"Ini gila," Elara bergumam pada dirinya sendiri, suaranya setengah bergetar. Ia menatap keluar jendela, kota Jakarta yang riuh seakan tak peduli dengan drama kecil dalam kamarnya. "Aku tak kenal dia. Kenapa aku harus menikah dengannya?"
Ibu Elara masuk, langkahnya pelan namun pasti. "Elara, jangan bersikap kekanak-kanakan. Keluarga sudah memutuskan. Kiano pria yang baik, anak dari keluarga terhormat. Ini kesempatanmu untuk... stabil dalam hidup."
Elara menahan napas. "Stabil? Ibu, aku tak butuh stabil kalau harus hidup tanpa cinta. Aku... aku tak ingin." Suaranya meninggi, tapi tetap tertahan oleh rasa hormat yang mengikatnya.
Ibu menghela napas panjang. "Cinta itu bisa tumbuh, Nak. Tapi kesempatan seperti ini tidak datang dua kali."
Elara menunduk, namun hatinya tetap memberontak. Kata-kata ibu terdengar seperti mantra yang gagal menenangkan.
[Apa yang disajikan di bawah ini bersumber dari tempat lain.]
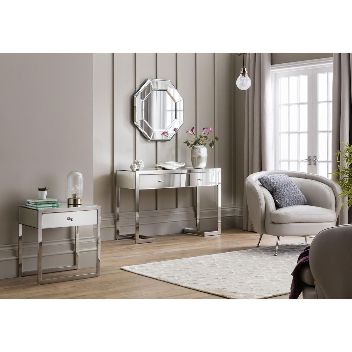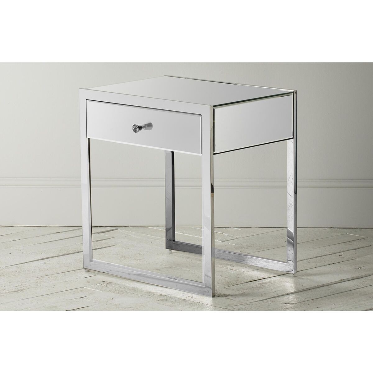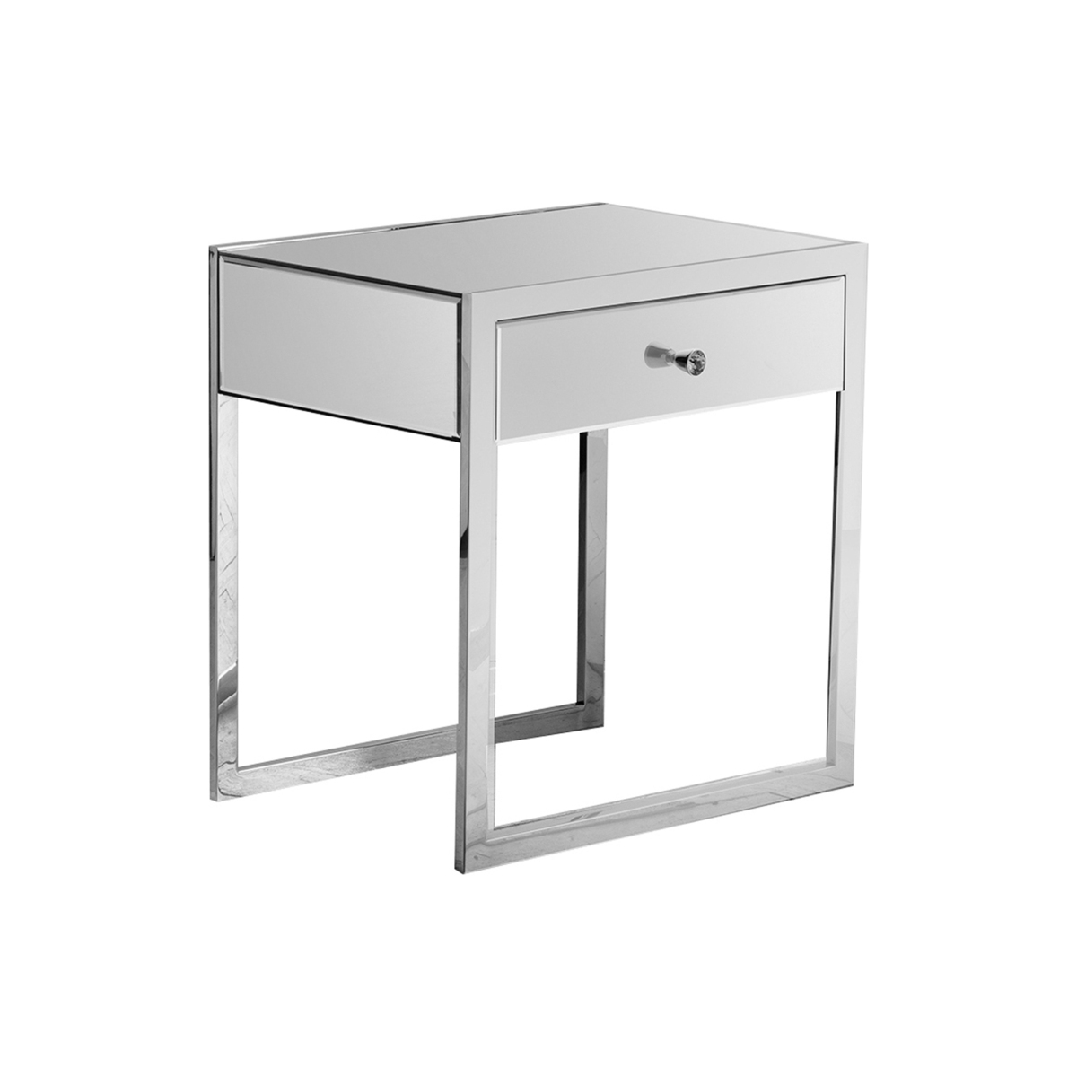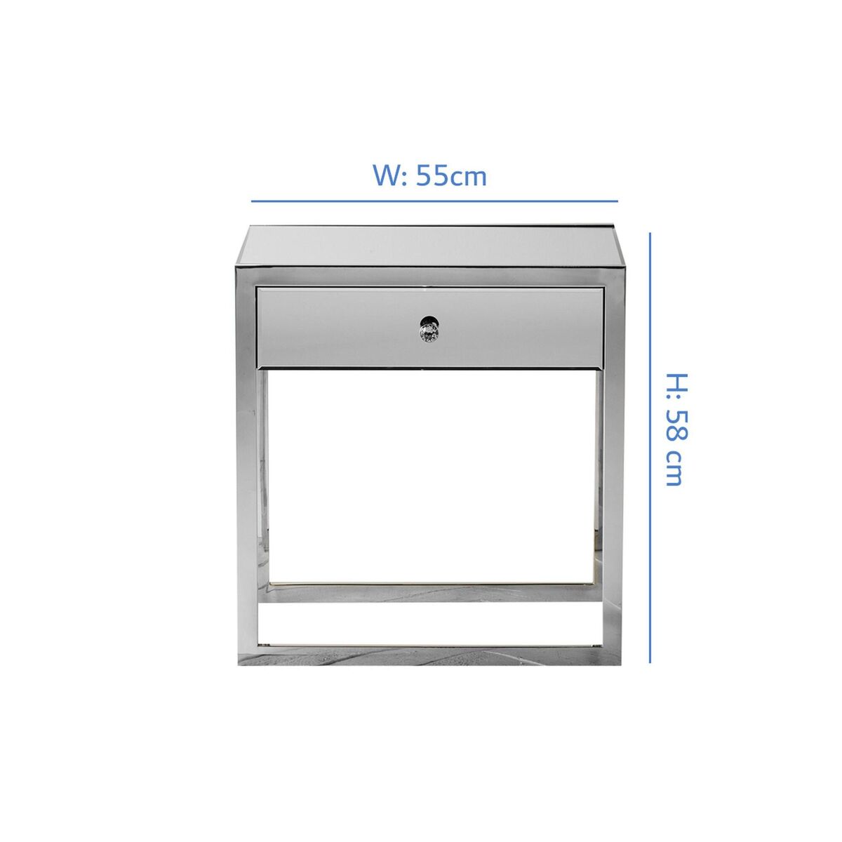 Featuring stylish stainless steel legs in a bright finish. The Inna range has bevelled glass tops and silver handles finished with crystal detail. From books to clothes to trinkets, the Inna Side Table is the perfect sleek mirrored addition to any living room, compact home or all white decors. With one drawer for extra storage, and the decor built right in, the range speaks for itself.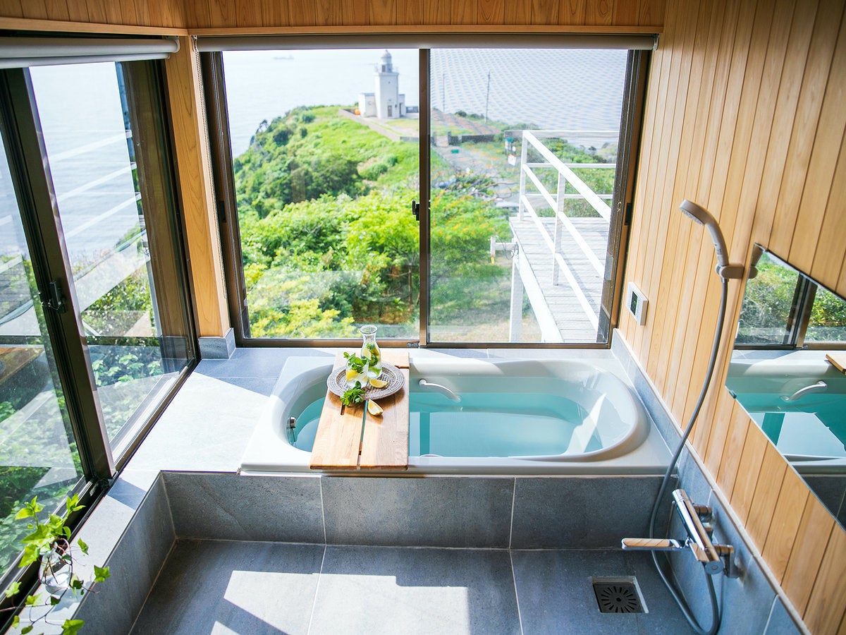 浴室は壁面と床タイルを改修し、ヒノキの香りでリラックス効果を高めます。窓の外には、大島の大自然が広がります。ゆっくり湯船に浸かりながら、癒しのひとときをお過ごしください。お部屋でゆっくり過ごすなら、鍼灸と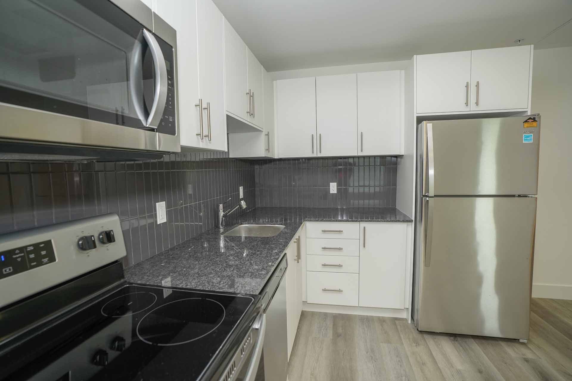 • Spacious condo with open-concept kitchen and stainless steel appliances.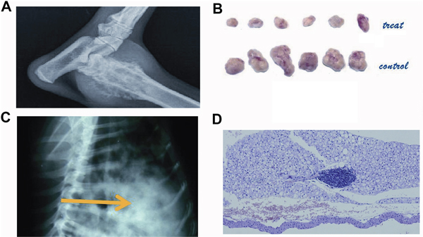 Figure 6: The radiology and pathology of the primary tumor and lung metastasis. The primary tumor of canine osteosarcoma (Figure 6A). The primary tumor of murine HCC (Figure 6B). Canine spontaneous osteosarcoma spread to the lung as multiple rounded nodules (Figure 6C). After ablation, the lung metastasis clusters were inhibited as a focal diameter smaller than 1 cm (Figure 6D). (Scale bar 500μm).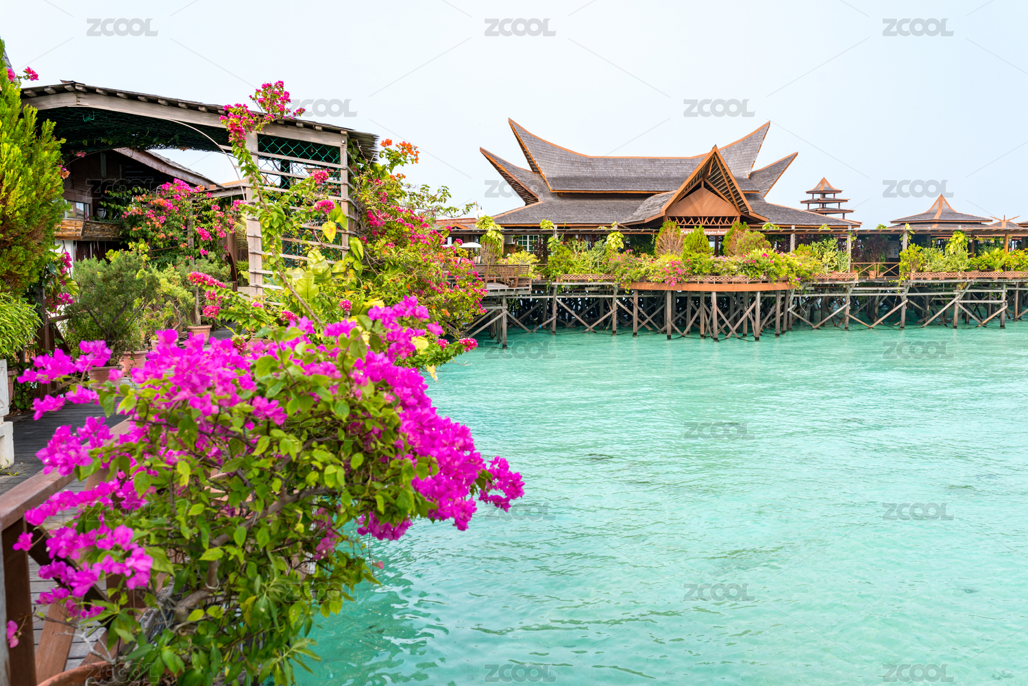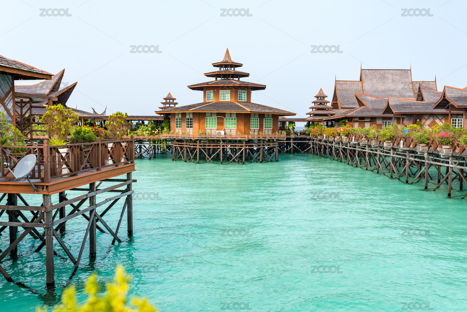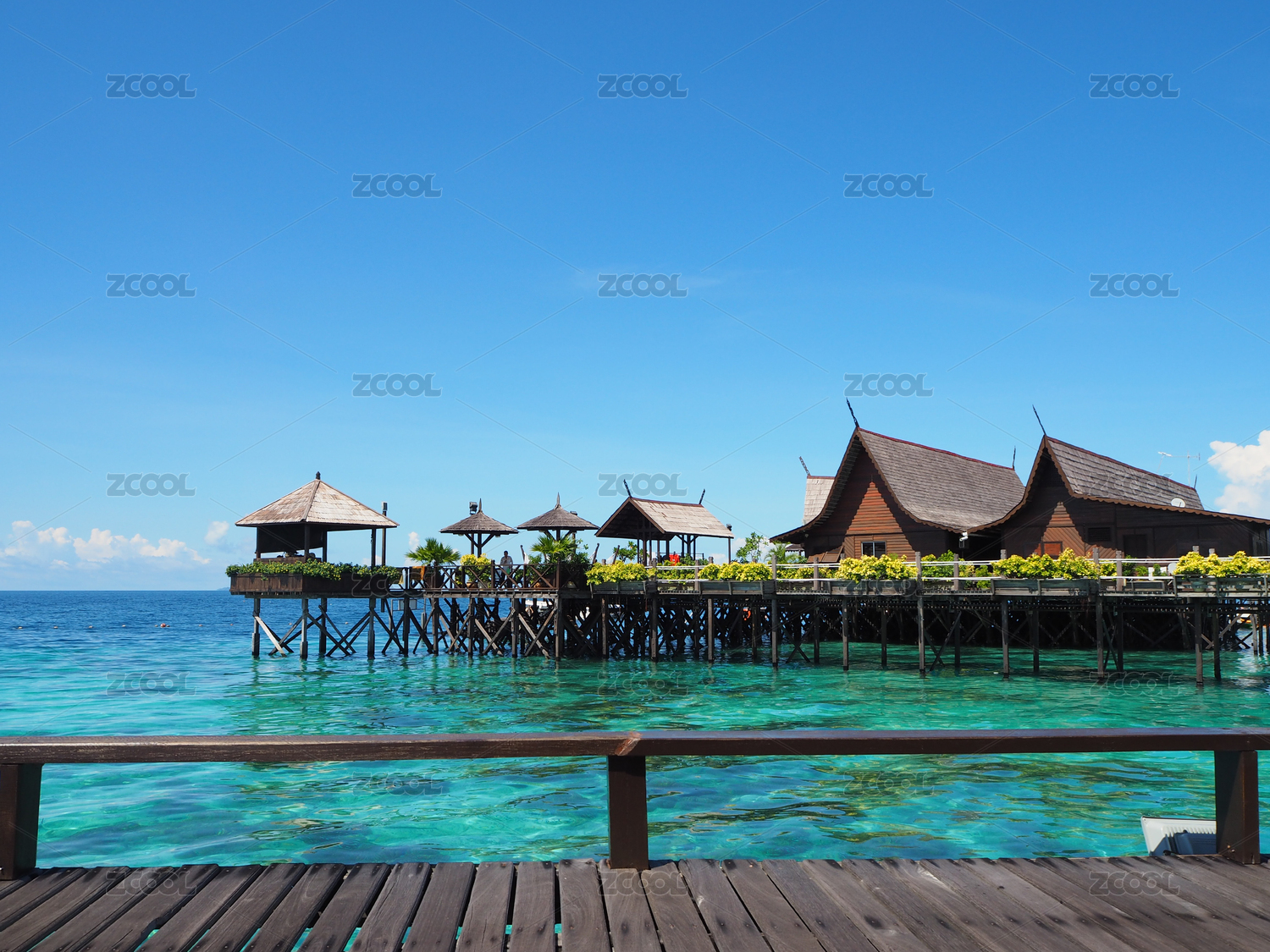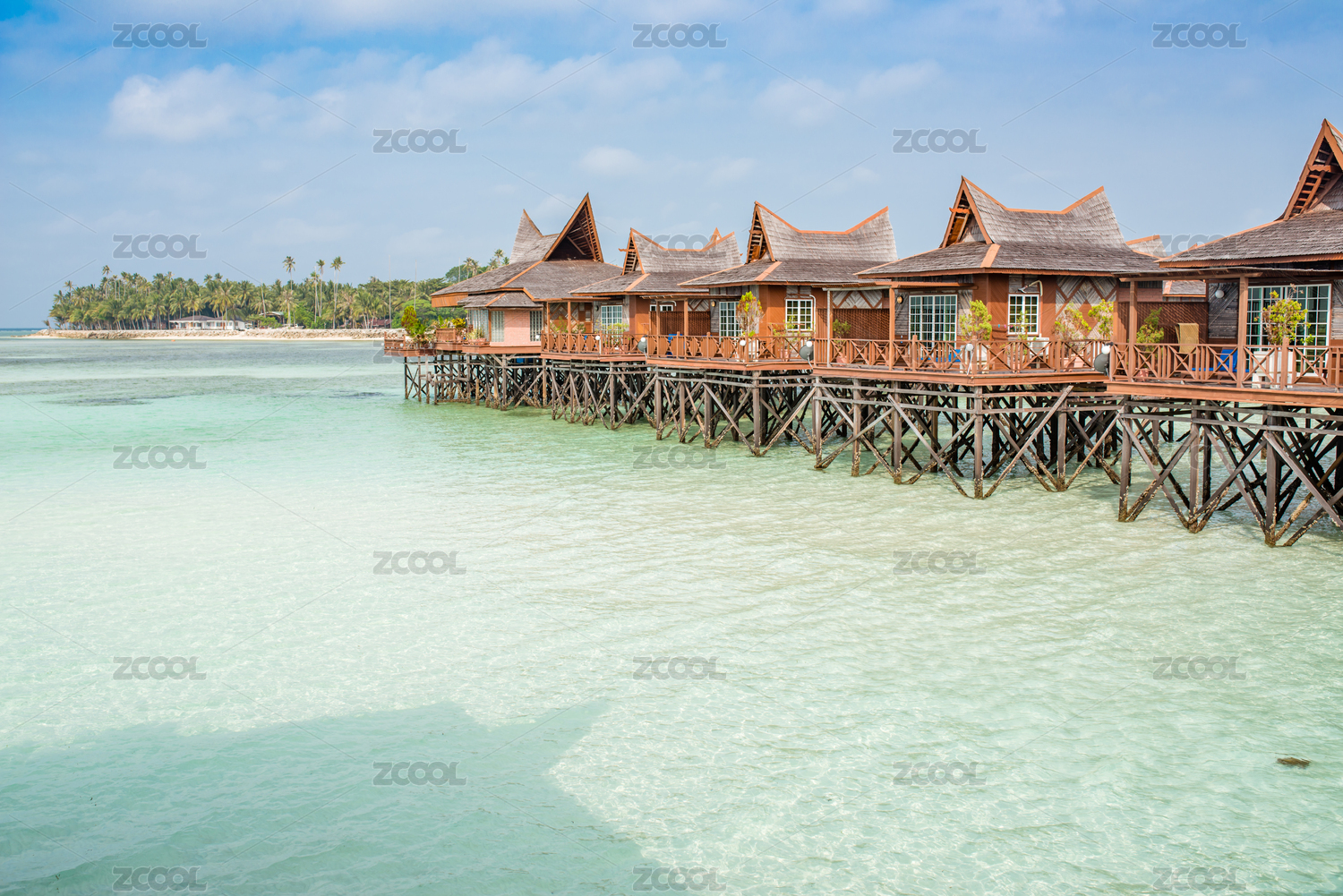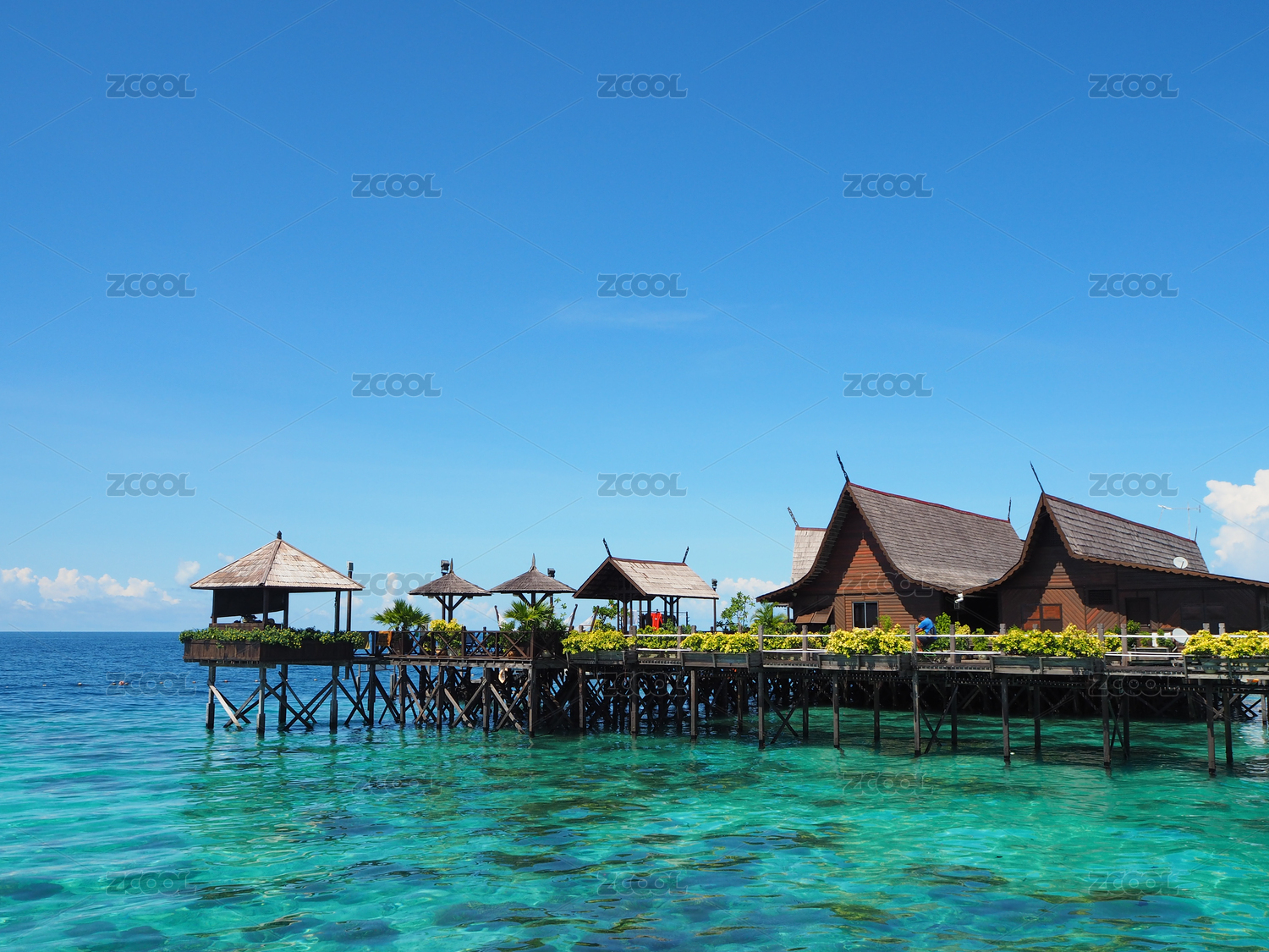夏季白天馬來(lái)西亞馬步島海上度假別墅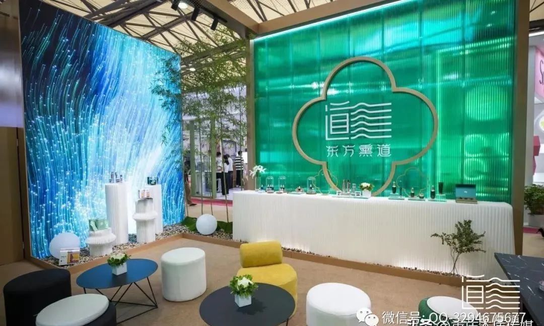 在美陈方面,公司倾力打造东方熏道文化,将飘渺东方韵味与东方意境融入展区设计,色彩延续“东方熏道”的品牌基础用色靓青。强化“东方薰道传承者”的品牌使命,运用中药草本的原始天然肌理材质及动态灯光和飘逸曲线设计营造空间与空间,人与人,人与物的精神交流氛围,增强参观者的识别性、参与度和融入感。带来全新升级的店铺服务体验,展现东方熏道的独特魅力。

Ia tahu, kata-kata itu tidak akan mengubah kenyataan: besok, ia harus menikah dengan orang yang tidak pernah ia pilih sendiri.
Kiano Ravindra duduk di ruangannya di apartemen tinggi keluarga Ravindra, menatap layar ponsel yang menampilkan profil Elara. Ia tidak tahu harus merasa apa-penasaran, cemas, atau marah. Ia bukan pria yang percaya pada cinta instan, apalagi dijodohkan tanpa persetujuannya.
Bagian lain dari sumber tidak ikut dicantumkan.